If interval censoring does not affect the results of standard models for death before CKD stage 5, we should expect that model M2 censoring at CKD stage 5 diagnosis gives results similar to model M4-02. This was the case for the effect of age: HR of 2.17 (95%CI: 1.79–2.64) for a 10-year increase in model M2 versus 2.19 (95%CI: 1.67–2.86) in model M4-02 (Table 2). The discrepancies between estimated HR from models M2 and M4-02 were larger for sex, mGFR and proteinuria at baseline. For sex, the HR comparing females to males was of 0.58 (95%CI: 0.35–0.95) in model M2 and 0.67 (95%CI: 0.36–1.24) in model M4-02. For mGFR at inclusion, the HR for a 10 mL/min/1.73 m2 increase was of 0.85 (95%CI: 0.74–0.97) in model M2 and 0.91 (95%CI: 0.76–1.08) in model M4-02. For proteinuria at inclusion, the HR for one unit increase in log PCR was of 1.16 (95%CI: 0.98–1.36) in model M2 and 1.10 (95%CI: 0.87–1.39) in model M4-02.

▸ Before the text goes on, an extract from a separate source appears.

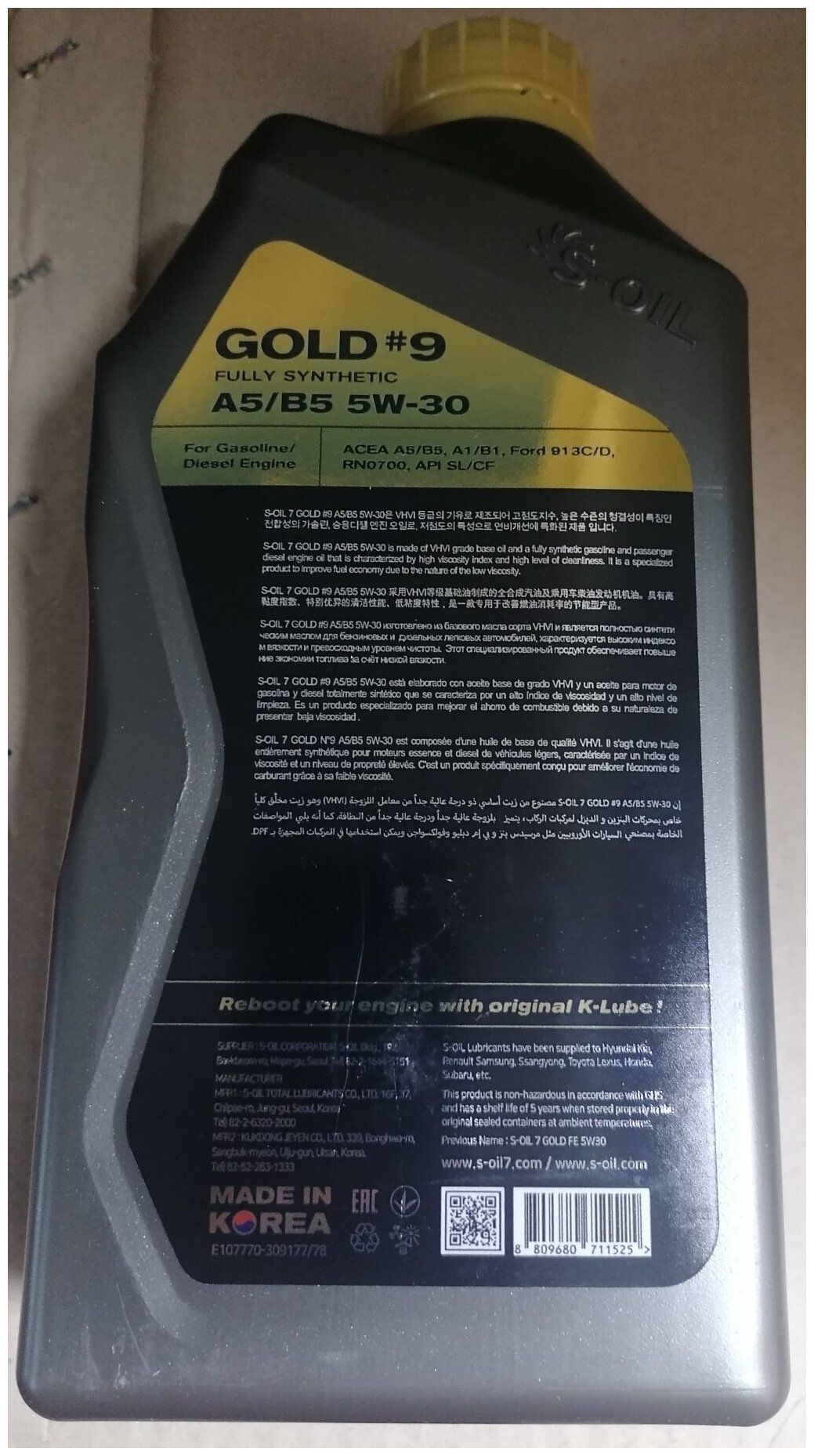 Моторное масло S-OIL 7 GOLD #9 A5/B5 5W30 синтетическое, 1л. интересное:

Similarly, if interval censoring does not affect the results of standard models for death after CKD stage 5, we should expect that the standard model M3 gives results similar to model M4-12. This was the case for the effect of age where the HR for a 10-year increase was of 1.77 (95%CI: 1.39–2.26) in model M3 and 1.81 (95%CI: 1.43–2.29) in model M4-12 (Table 2). The discrepancies between the HR estimates from models M3 and M4-12 tended to be larger for sex, mGFR, and proteinuria at inclusion but none of these HR was statistically significant.

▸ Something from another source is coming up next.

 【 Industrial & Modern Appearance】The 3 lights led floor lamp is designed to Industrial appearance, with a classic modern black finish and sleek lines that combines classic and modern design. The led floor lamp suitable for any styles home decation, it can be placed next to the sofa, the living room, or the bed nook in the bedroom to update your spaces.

Impact of the modeling on resulting estimated probabilities of progression to stage 5
The estimated probabilities to progress to CKD stage 5 were at each time higher with the IMID M4 than with the naïve survival Model M1 for the four the selected profiles of patients at inclusion (Fig. 3). For example, according to the IMID, a 50-year old man with a mGFR of 30 mL/min/1.73 m2 and a proteinuria of 90 mg/mmol at baseline had a probability of 0.56 to progress to stage 5 within the first five years after inclusion, while this probability was of only 0.36 with the naïve survival model M1.
Discussion
While standard models and the IMID gave almost identical estimated effects of risk factors on the hazard of progression to CKD stage 5, the results tended to differ for death. In particular, we found a significant effect of mGFR at inclusion on the hazard of death before CKD stage 5 diagnosis in model M2 (p = 0.019), but not in the IMID M4-02 (p = 0.269). This may be due to a lack of power of the IMID, or to an over-estimation bias of the effect of baseline mGFR in model M2. Indeed, model M2 did not account for interval-censoring, i.e. did not account for the fact that patients who died without CKD stage 5 diagnosis might actually have progressed to stage 5 before dying. Accordingly, the effect of baseline mGFR on death before CKD stage 5 diagnosis in model M2 may partly reflect the strong effect of baseline mGFR on undocumented progression to CKD stage 5. Similar differences of results between M2 and M4-02 were found for the effect of baseline log PCR on the risk of death before progression (p = 0.083 versus p = 0.423).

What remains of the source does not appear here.